_Problem statement:_ Using the data below, output a verbatim copy of the lines between the one holding "We stuck to" and the one holding "Since raffia yarn", inclusive, without any pictures.

_Source information:_
◇ ◇ ◇

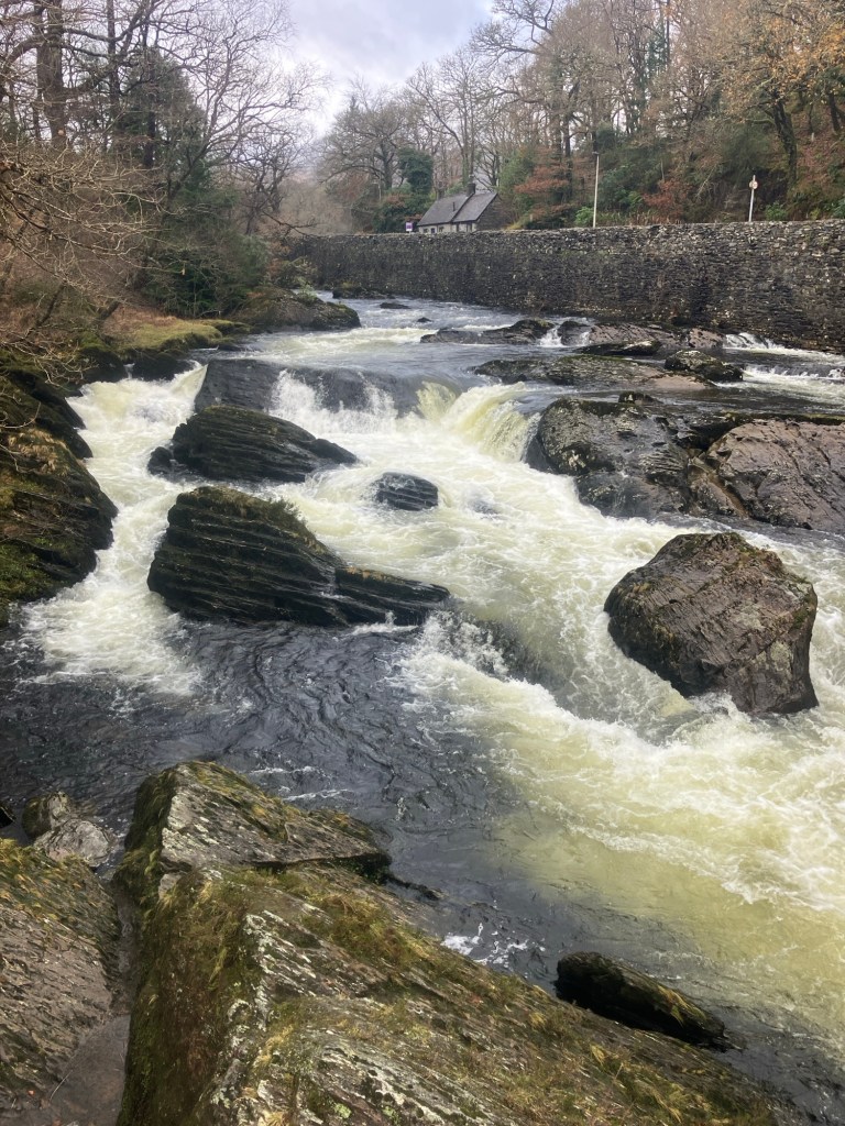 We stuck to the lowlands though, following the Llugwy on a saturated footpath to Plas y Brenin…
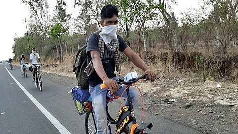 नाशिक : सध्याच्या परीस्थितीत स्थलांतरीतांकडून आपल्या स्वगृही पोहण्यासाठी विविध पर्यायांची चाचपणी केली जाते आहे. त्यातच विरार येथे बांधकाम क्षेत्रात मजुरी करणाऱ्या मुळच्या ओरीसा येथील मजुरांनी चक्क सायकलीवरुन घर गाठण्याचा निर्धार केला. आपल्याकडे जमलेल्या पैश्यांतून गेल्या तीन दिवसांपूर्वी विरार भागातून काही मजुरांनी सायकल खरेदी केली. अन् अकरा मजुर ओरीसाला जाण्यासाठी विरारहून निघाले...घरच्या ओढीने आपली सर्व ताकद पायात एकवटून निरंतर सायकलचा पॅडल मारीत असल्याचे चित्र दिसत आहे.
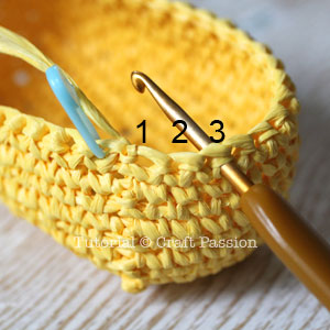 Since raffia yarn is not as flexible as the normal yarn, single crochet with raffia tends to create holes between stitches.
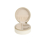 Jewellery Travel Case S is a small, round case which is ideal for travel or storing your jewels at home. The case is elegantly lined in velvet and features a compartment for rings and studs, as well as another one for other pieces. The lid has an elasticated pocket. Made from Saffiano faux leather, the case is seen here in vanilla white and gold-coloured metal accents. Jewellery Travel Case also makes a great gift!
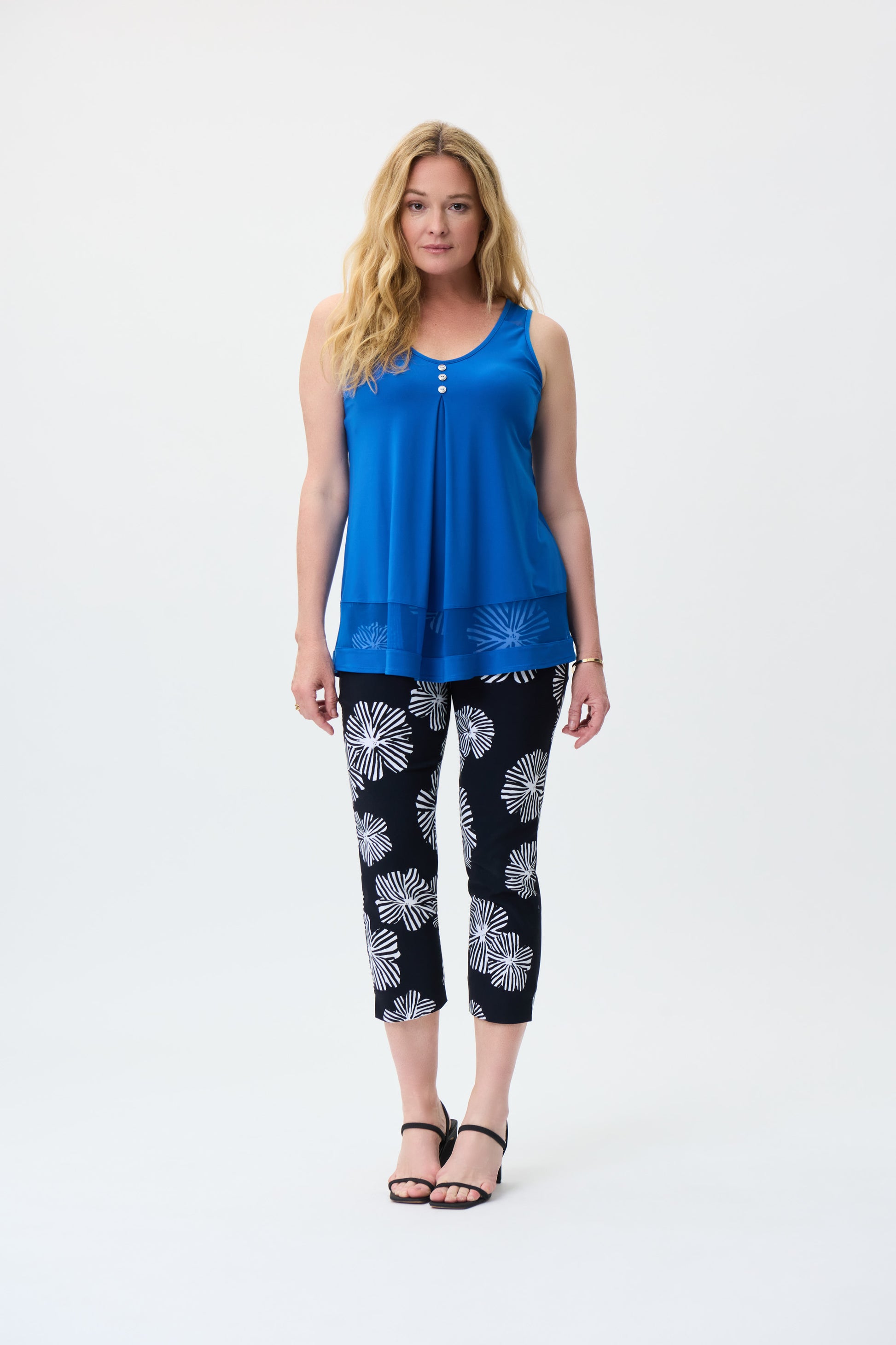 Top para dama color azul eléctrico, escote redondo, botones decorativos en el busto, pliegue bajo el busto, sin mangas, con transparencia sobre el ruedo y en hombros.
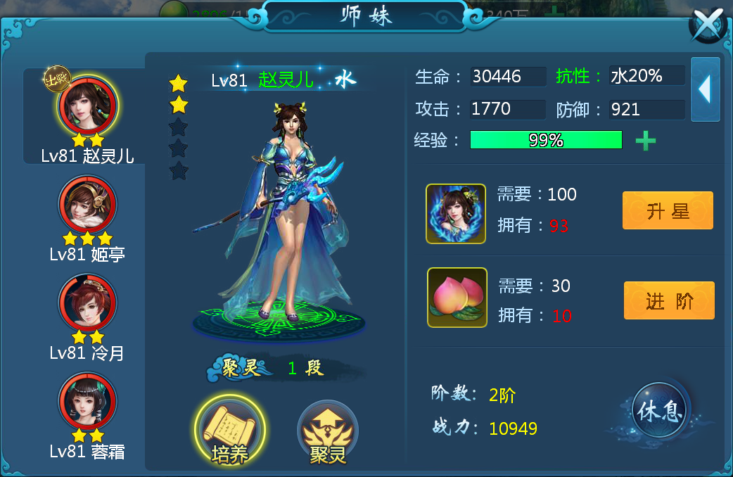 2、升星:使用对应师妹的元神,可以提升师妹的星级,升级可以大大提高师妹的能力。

◇ ◇ ◇

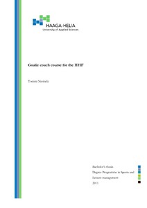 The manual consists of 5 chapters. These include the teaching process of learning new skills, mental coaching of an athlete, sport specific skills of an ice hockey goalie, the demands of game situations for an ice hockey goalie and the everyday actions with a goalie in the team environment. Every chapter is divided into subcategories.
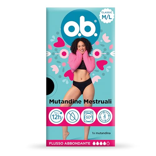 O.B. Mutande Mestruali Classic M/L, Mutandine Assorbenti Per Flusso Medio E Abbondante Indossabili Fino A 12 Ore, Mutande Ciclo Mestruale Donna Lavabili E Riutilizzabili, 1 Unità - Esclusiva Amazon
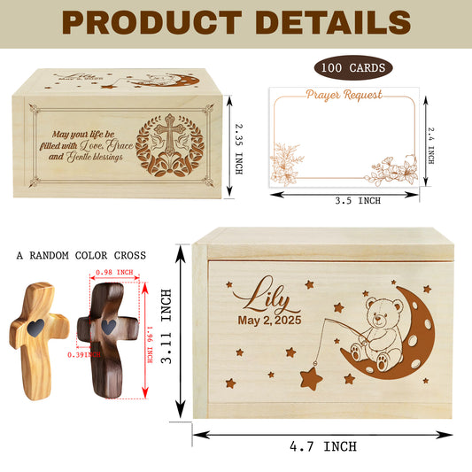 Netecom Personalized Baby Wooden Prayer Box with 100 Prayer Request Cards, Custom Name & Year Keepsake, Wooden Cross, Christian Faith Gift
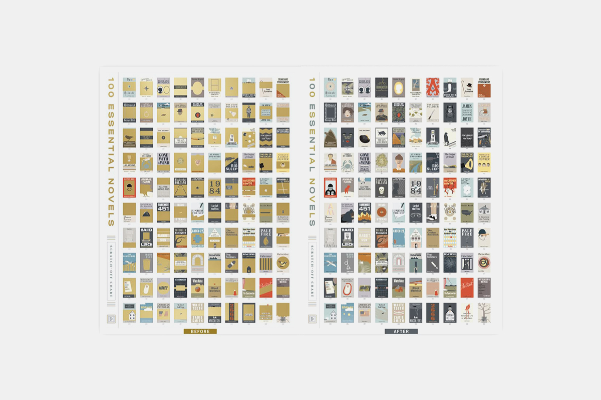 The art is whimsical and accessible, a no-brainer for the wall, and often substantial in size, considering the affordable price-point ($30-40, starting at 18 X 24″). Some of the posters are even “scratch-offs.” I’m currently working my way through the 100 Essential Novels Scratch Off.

◇ ◇ ◇

_Task output:_
 We stuck to the lowlands though, following the Llugwy on a saturated footpath to Plas y Brenin…
 नाशिक : सध्याच्या परीस्थितीत स्थलांतरीतांकडून आपल्या स्वगृही पोहण्यासाठी विविध पर्यायांची चाचपणी केली जाते आहे. त्यातच विरार येथे बांधकाम क्षेत्रात मजुरी करणाऱ्या मुळच्या ओरीसा येथील मजुरांनी चक्क सायकलीवरुन घर गाठण्याचा निर्धार केला. आपल्याकडे जमलेल्या पैश्यांतून गेल्या तीन दिवसांपूर्वी विरार भागातून काही मजुरांनी सायकल खरेदी केली. अन् अकरा मजुर ओरीसाला जाण्यासाठी विरारहून निघाले...घरच्या ओढीने आपली सर्व ताकद पायात एकवटून निरंतर सायकलचा पॅडल मारीत असल्याचे चित्र दिसत आहे.
 Since raffia yarn is not as flexible as the normal yarn, single crochet with raffia tends to create holes between stitches.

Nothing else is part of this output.